Те, кто уже побывали там, рассказывают, что клюква плавает в воде.
 Только покачнись, потеряй равновесие, и клюква не нужна.
 Да и верный мой товарищ, маленький фотоаппарат «сони», вышел из строя. И хожу я не столько из-за грибов и ягод, а чтобы увидеть, удивиться и остановить неповторимое.

Паша позвонила, сказала, что мигом заклеит мой сапог.
И я собралась.

Вышли в восемь утра. Пять километров лесной, давно заброшенной дороги.

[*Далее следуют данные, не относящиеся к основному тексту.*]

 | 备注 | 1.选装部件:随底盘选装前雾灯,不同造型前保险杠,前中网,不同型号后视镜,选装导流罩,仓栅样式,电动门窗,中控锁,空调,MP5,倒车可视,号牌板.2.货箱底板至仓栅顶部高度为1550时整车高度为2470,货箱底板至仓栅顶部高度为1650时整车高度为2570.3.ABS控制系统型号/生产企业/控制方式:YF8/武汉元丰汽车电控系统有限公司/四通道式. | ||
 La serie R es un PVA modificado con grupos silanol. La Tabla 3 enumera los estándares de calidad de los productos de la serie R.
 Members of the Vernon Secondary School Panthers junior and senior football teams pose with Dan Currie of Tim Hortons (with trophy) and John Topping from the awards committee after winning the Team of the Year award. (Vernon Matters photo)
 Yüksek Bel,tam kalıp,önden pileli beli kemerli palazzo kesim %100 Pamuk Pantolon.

Полтора километра этой дороги – это зона особого риска. Можно пройти только с палкой в руках. Надо балансировать между скользких колдобин, накиданных брёвен, досок. Смотреть под ноги.

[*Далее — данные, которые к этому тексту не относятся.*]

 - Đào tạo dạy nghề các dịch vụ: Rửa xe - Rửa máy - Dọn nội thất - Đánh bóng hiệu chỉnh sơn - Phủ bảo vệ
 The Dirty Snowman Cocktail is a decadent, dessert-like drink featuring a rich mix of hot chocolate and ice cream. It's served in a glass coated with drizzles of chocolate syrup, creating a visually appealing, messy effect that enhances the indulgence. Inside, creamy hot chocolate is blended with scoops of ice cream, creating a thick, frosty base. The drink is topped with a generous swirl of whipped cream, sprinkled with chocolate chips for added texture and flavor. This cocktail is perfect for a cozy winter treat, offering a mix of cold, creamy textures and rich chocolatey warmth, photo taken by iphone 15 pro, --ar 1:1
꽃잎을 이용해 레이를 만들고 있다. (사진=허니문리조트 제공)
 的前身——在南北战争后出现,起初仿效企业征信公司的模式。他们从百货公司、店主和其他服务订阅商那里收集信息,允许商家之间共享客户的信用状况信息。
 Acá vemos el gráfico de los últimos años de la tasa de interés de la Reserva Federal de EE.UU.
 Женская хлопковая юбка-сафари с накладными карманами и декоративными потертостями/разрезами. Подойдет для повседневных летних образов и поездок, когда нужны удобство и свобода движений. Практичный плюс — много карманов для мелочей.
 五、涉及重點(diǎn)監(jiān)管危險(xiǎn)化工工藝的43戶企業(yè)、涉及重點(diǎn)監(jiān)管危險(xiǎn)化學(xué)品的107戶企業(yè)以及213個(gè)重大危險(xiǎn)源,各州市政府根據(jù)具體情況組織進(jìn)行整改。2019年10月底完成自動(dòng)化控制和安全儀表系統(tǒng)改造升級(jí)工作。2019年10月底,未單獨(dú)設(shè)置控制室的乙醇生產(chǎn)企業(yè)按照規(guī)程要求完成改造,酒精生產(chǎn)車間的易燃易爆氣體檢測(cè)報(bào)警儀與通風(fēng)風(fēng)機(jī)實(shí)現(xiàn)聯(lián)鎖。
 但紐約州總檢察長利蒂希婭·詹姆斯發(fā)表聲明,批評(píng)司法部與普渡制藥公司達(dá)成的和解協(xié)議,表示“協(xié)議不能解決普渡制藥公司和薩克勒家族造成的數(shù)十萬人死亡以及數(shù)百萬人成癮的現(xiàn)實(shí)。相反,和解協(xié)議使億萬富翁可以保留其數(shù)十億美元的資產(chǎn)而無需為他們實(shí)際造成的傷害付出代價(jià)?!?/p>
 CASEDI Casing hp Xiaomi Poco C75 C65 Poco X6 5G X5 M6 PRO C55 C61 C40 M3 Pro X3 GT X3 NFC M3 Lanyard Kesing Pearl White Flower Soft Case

 А пока мы идём с Пашей, разговаривая о том и сём, поглядывая на следы.
Мимо проскочил мотоцикл. Мужчина на заднем сидении успел поприветствовать. За его спиной железный баул. Сразу видно:  за клюквой.
Нет, он, конечно, может купить ягоды на рынке в Москве.

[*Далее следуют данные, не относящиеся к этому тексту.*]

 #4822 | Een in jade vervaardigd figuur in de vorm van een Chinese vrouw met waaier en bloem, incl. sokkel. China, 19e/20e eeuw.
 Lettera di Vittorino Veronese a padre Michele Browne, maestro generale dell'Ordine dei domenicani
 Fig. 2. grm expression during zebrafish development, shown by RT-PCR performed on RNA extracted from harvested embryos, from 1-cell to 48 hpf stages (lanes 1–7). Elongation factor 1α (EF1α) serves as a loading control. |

Но здесь родные с детства болота.
 
- Паша, смотри!  Вот видишь, медвежий след. Вот следы когтей. Ранним утром проходил.

И мы идём дальше.
- Надо громко разговаривать или петь, - предлагает Паша.
В Казахстане жила. Едет на коне казах и поёт.
- О чём ты поёшь?, - спрашиваем его.
- Лес еду – лес пою, степ еду – степ пою, - ответил казах.
- А где ты жила в Казахстане?
- В Кустанае.
- И я была в Кустанае в начале семидесятых.
В разное время мы с тобой были в одном и том же городе.
- Паша, а тебя всегда так звали? Может твоё полное имя, Пелагея?
- Меня назвали  Параскева.
- А где ты родилась?
-  Родилась в маленьком городке в Архангельской области и жила в детском доме.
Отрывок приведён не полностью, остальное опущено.